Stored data
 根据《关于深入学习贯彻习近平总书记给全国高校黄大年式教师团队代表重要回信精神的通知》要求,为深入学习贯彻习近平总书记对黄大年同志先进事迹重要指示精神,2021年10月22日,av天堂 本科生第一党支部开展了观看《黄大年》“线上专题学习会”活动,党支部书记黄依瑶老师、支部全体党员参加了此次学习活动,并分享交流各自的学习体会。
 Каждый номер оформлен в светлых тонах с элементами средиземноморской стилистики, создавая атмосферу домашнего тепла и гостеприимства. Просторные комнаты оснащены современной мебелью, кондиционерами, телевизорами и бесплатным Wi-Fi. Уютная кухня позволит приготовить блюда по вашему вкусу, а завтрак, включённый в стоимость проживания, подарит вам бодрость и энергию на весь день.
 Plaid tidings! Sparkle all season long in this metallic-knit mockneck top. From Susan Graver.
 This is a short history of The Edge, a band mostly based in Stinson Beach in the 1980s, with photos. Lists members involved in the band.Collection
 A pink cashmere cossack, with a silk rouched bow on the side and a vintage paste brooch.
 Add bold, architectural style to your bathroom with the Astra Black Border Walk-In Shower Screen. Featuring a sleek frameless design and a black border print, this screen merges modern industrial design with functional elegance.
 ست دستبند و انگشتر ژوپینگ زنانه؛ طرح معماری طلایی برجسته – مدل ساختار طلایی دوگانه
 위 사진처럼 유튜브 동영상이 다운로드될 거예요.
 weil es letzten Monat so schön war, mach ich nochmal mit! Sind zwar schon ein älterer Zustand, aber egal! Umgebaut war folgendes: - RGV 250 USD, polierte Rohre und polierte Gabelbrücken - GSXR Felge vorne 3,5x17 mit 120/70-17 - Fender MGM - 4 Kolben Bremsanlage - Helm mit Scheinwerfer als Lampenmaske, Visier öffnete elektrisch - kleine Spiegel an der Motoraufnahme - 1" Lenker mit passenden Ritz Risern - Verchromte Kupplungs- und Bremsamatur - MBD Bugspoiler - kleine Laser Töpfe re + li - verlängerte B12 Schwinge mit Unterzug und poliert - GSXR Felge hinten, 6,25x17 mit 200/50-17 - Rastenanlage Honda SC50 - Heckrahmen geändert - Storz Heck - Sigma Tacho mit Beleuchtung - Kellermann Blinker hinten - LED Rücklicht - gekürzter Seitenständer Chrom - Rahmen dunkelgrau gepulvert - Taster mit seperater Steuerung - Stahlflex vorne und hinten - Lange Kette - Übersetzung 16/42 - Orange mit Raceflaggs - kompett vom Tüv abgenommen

- _Your objective_
The answer should consist of all lines from the records above that hold the word "with".

- _Solution to this problem_
 This is a short history of The Edge, a band mostly based in Stinson Beach in the 1980s, with photos. Lists members involved in the band.Collection
 A pink cashmere cossack, with a silk rouched bow on the side and a vintage paste brooch.
 Add bold, architectural style to your bathroom with the Astra Black Border Walk-In Shower Screen. Featuring a sleek frameless design and a black border print, this screen merges modern industrial design with functional elegance.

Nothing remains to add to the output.